> _INSTRUCTIONS TO FOLLOW_: Pictures must be left out. Retype exactly the lines from the one containing "在主持人宣布演出开始后,伴随" through the last line of the records below.

> _DATA EXTRACTS_:
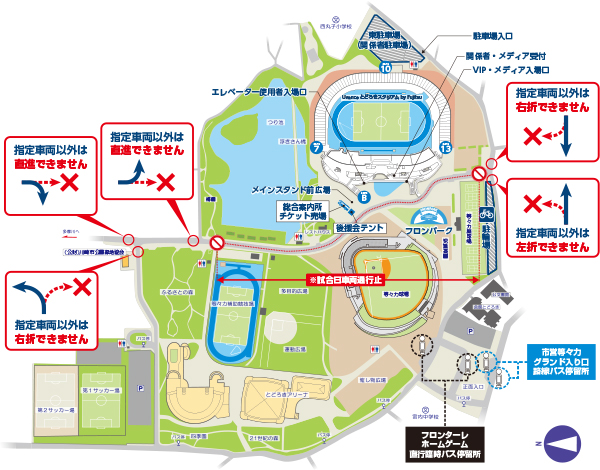 川崎フロンターレ主管のホームゲーム開催日において、来場者の安全への配慮からUvanceとどろきスタジアム by Fujitsu正面の園路につきましては、車両通行止となりますのでお知らせいたします。
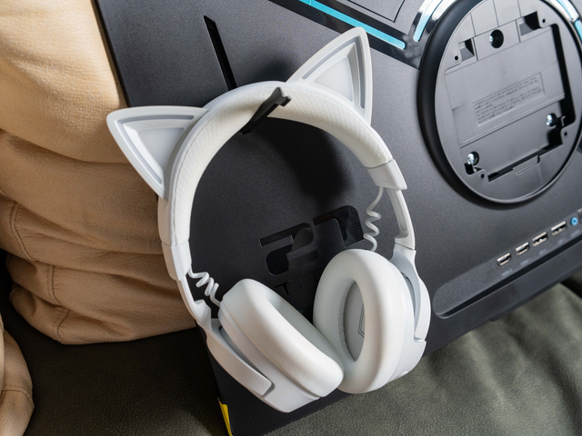 而背面的左上角,提供了一个折叠式耳机挂钩,方便玩家收纳耳机。相较于支架后方的常规设计,泰坦军团G2785S的耳机挂钩不需要站起来就可以轻松使用,十分好评。
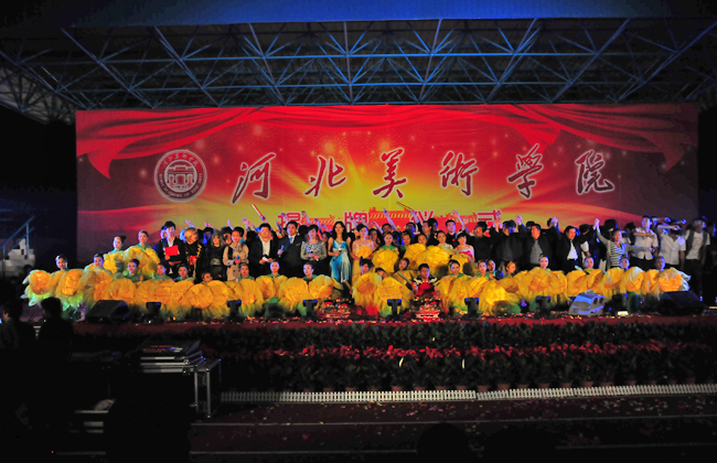 在主持人宣布演出开始后,伴随着徐徐的音乐声,一曲歌伴舞《举杯吧 朋友》携带着红色的激情使整个舞台充盈着欢乐的气氛,十几位靓丽少女身着鲜红的长裙,跳起了欢快的舞蹈。接着,一曲《我的未来不是梦》唱出了我院学生的豪情壮志,动感舞姿与音乐的完美结合无不感染着现场的每一位观众。曾获河北省戏剧节优秀表演奖,河北戏剧"百花奖"表演一等奖,河北省京剧"双十佳"专业演员"十优"称号的国家一级演员赵玉华和河北省石家庄地区京剧团的武键蓉分别演唱了戏曲名段《贵妃醉酒》选段和《红娘》选段,展示了老一辈艺术家的风采。大型舞台剧《盛世长安》的出现使晚会现场顿时群情激昂,掌声雷动,展现出我院学生对艺术的热爱与追求。院长甄忠义先生怀着激动的心情登上舞台对前来观看晚会的领导、嘉宾、朋友表示感谢,以他特殊的方式激起全场热情,获得全场观众的阵阵喝彩,把整场晚会的气氛推向了高潮。随后各种节目轮番登场,异彩纷呈。
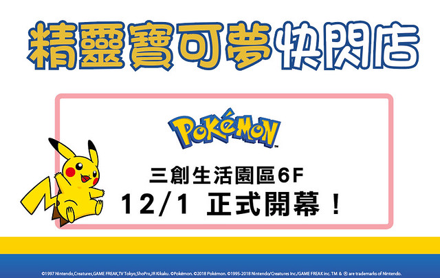隨著 Nintendo Switch 新遊戲《精靈寶可夢 Let’s Go!皮卡丘/伊布》上市,全球各地再度掀起一股寶可夢熱潮,讓許多從《Pokemon Go》認識寶可夢的訓練家正式入門寶可夢系列作。為紀念遊戲上市,代理商傑仕登股份有限公司也將在 2018 年 12 月 01 日至 2019 年 02 月 28 日期間,於三創生活園區 6F 開設《精靈寶可夢》快閃店!
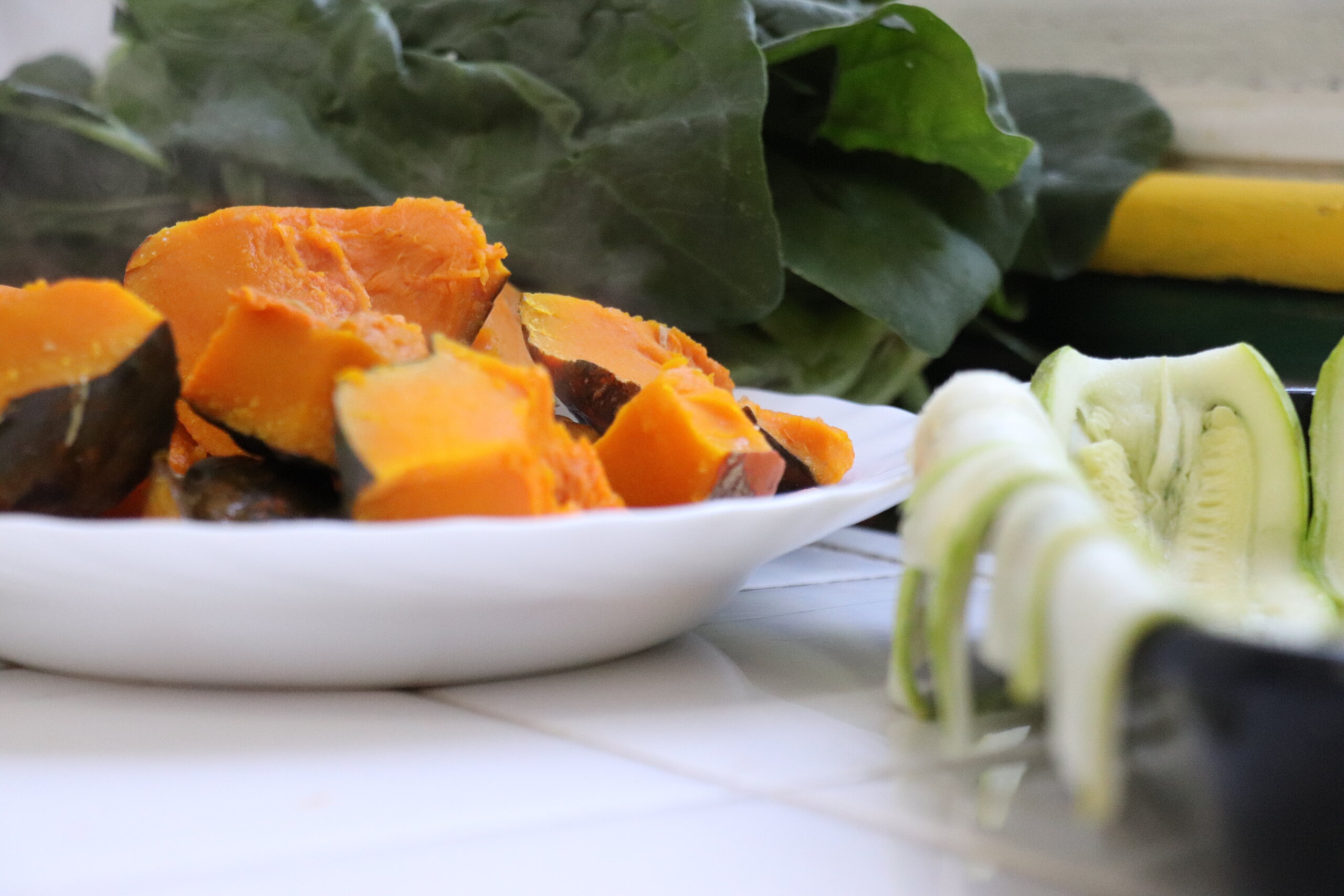 Ingredientes: 300 gr. de zuccinis, 500 gr. de zapallo brasilero, 1 atado de espinaca, 1 diente de ajo, 4 fetas de queso tipo Tybo, nuez moscada, pimienta y sal.

> _TASK ANSWER_:
 在主持人宣布演出开始后,伴随着徐徐的音乐声,一曲歌伴舞《举杯吧 朋友》携带着红色的激情使整个舞台充盈着欢乐的气氛,十几位靓丽少女身着鲜红的长裙,跳起了欢快的舞蹈。接着,一曲《我的未来不是梦》唱出了我院学生的豪情壮志,动感舞姿与音乐的完美结合无不感染着现场的每一位观众。曾获河北省戏剧节优秀表演奖,河北戏剧"百花奖"表演一等奖,河北省京剧"双十佳"专业演员"十优"称号的国家一级演员赵玉华和河北省石家庄地区京剧团的武键蓉分别演唱了戏曲名段《贵妃醉酒》选段和《红娘》选段,展示了老一辈艺术家的风采。大型舞台剧《盛世长安》的出现使晚会现场顿时群情激昂,掌声雷动,展现出我院学生对艺术的热爱与追求。院长甄忠义先生怀着激动的心情登上舞台对前来观看晚会的领导、嘉宾、朋友表示感谢,以他特殊的方式激起全场热情,获得全场观众的阵阵喝彩,把整场晚会的气氛推向了高潮。随后各种节目轮番登场,异彩纷呈。
隨著 Nintendo Switch 新遊戲《精靈寶可夢 Let’s Go!皮卡丘/伊布》上市,全球各地再度掀起一股寶可夢熱潮,讓許多從《Pokemon Go》認識寶可夢的訓練家正式入門寶可夢系列作。為紀念遊戲上市,代理商傑仕登股份有限公司也將在 2018 年 12 月 01 日至 2019 年 02 月 28 日期間,於三創生活園區 6F 開設《精靈寶可夢》快閃店!
 Ingredientes: 300 gr. de zuccinis, 500 gr. de zapallo brasilero, 1 atado de espinaca, 1 diente de ajo, 4 fetas de queso tipo Tybo, nuez moscada, pimienta y sal.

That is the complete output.